Julian, Count of Ceuta was a Christian local ruler or subordinate ruler in North Africa who had a role in the Umayyad conquest of Hispania, a key event in the history of Islam in which al-Andalus was to have a major role and the subsequent history of what were to become Spain and Portugal.

Count Julian was "Commander of Septem" (present-day Ceuta), and according to some scholars, possibly last Byzantine Exarch of Africa.

Luis García de Valdeavellano writes that, during the Umayyad conquest of North Africa, in "their struggle against the Byzantines and the Berbers, the Arab chieftains had greatly extended their African dominions, and as early as the year 682 Uqba had reached the shores of the Atlantic, but he was unable to occupy Tangier, for he was forced to turn back toward the Atlas Mountains by a mysterious person" who became known to history and legend as Count Julian. Muslim historians have referred to him as Ilyan or Ulyan, "though his real name was probably Julian, the Gothic Uldoin or perhaps Urban or Ulbán or Bulian."

Julian is sometimes regarded as having been a vassal of Roderic, king of the Visigoths in Hispania (modern Portugal and Spain). But Valdeavellano notes other possibilities, arguing that probably he was a berber.

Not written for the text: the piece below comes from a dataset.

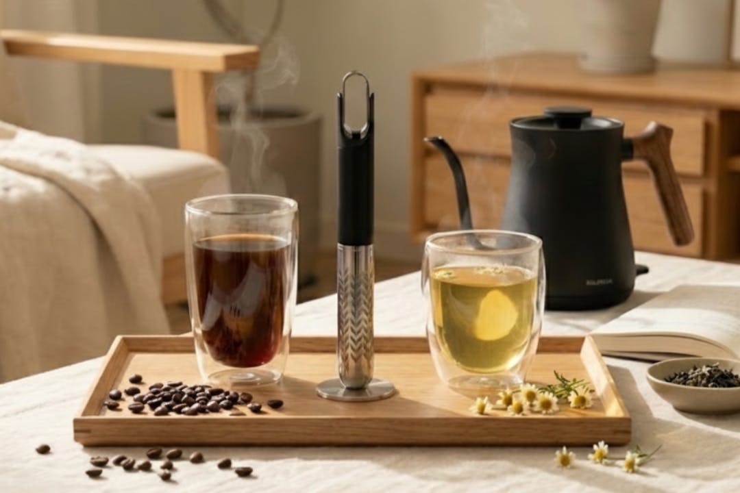 そうは思っていても、わざわざコーヒー粉や茶葉、お湯を計量するのはちょっと面倒ですよね。

We are not certain whether he was a Berber, a Visigoth, or a Byzantine; as a "count" he may have been the ruler of the fortress of Septem, once part of the Visigoth kingdom; or he may have been an exarch or a governor ruling in the name of the Byzantine Empire: or, as appears more likely, he may have been a Berber who was the lord and master of the Catholic Berber tribe of the Gomera.